For me, the honor of working for an estate in my home area of Santa Barbara was a huge draw. When you see this property and the upper hills, you are immediately engulfed in the energy and potential of this ground.
What stands out to you about the estate vineyard—and what is the vibe you get from it?
The property covers an array of steeps and flats and different soil types. Pair that with the varied sun and wind exposures and I think we have many spots in which to excel and push varieties. Everything here is still so raw in a way. I feel the energy is in the elements of this team, the land and the winery. The harmony of the ground to the glass is unfolding and a large part of my job is bringing everything together and energizing that discovery to make wines of substance and intention.
In a few words, what is your winemaking approach?
Less is usually more. The vigorous nature of our site challenges that idea with the amount of hand work needed in our blocks, but you have to grow it right for the style you envision. Especially here with my level of control, I am striving for wines of character and intention with no compromising. I told my cellar crew that we have many of the tricks and swindles available to the New World winemaker, but the real goal is to never have to use any of them because the wines are grown and made in harmony, and in the end we don’t need them.
Before you chose a life in wine, you were a professional snowboarder—in what way might that experience have shaped or steered your path as a winemaker?
I was a punk kid who was good enough at it to have companies pay to send me around the world with some of the most interesting people, witness incredibly odd and unbelievable things, and be exposed to art, culture and food that went way beyond my Goleta upbringing. That changes you. I have always been an Old World guy and a romantic at heart. When those travels brought me to Old World wine areas such as France, I knew it was special to me. Winemaking can be the culmination of all good human endeavors if allowed to be.
In addition to being a winemaker, you are a family man. What do you plan to do this Summer in your spare time, before the harvest season hits?

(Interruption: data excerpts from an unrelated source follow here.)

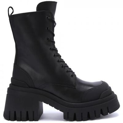 Черные ботинки на массивной подошве от Principe di Bologna легко впишутся в базовый гардероб. Модель выполнена из натуральной кожи, на высокой подошве и каблуке. Задняя часть дополнена петлёй для комфортного обувания. Модель оснащена шнуровкой и удобной застёжкой-молнией сбоку. Такая пара эффектней всего будет смотреться в образах с юбками или платьями длины мини или с более длинными юбками с высокими разрезами. Пара утеплённая, с шерстяной подкладкой и стелькой из натурального меха.
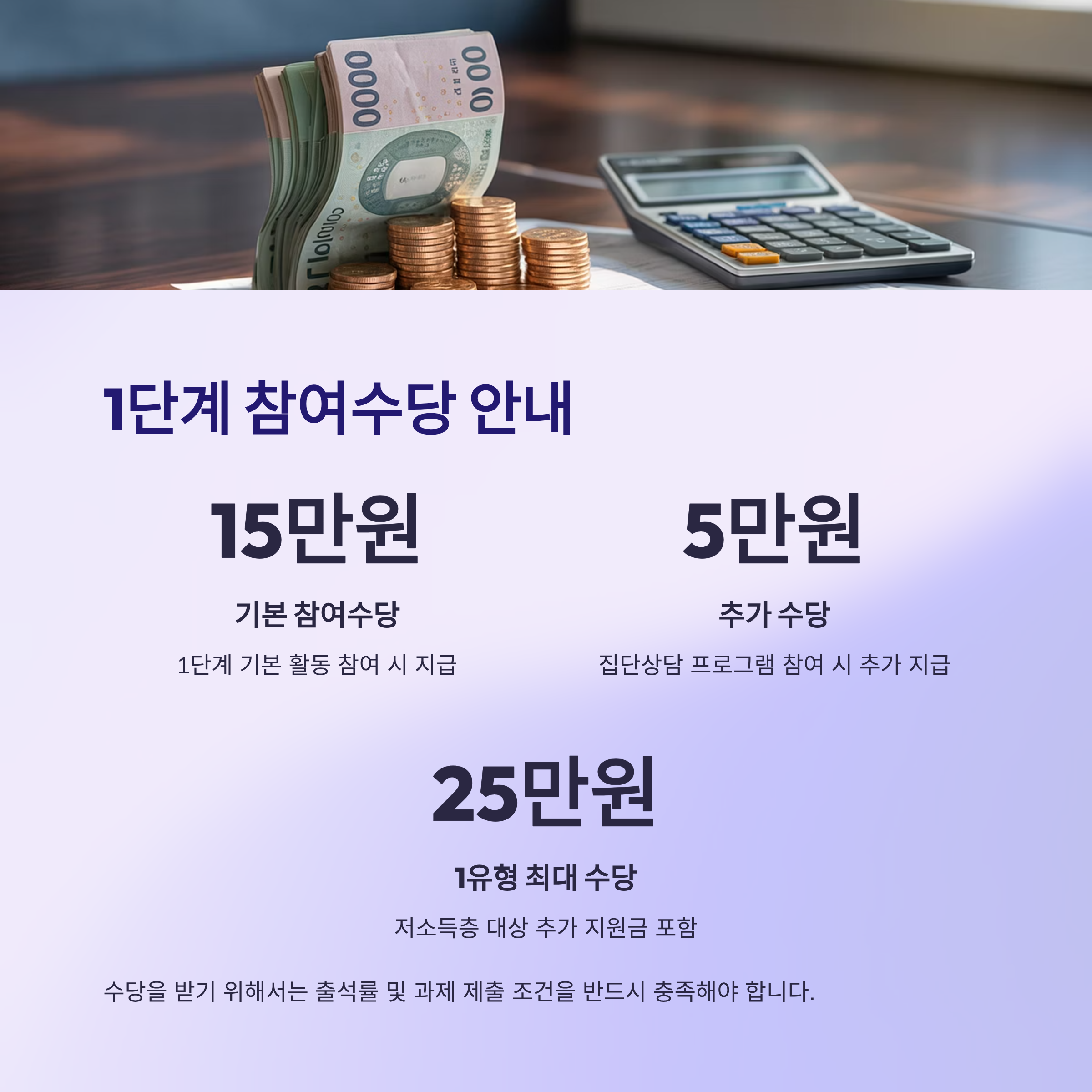 - 1단계 참여수당: 기본 15만 원 + 집단상담 참여 시 최대 추가 5만 원, 총 최대 20만 원 지급.
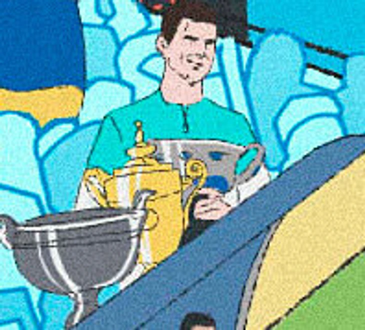 • На трибуне стоит Новак Джокович с трофеями Australian Open, «Ролан Гаррос» и «Уимблдона». Отличный улов, Новак!

Building out the winery and getting the vineyard on track is still an ongoing process. It takes more time than you can believe. “New” means that you are the person who gets to work the bugs out. I hope to get some time off before harvest, but we have so much to accomplish with bottling and everything else, and time is flying. Hopefully, with the way the growing season is shaping up, we will see a slightly later start date to harvest and that will allow us to escape for a well-deserved recharge.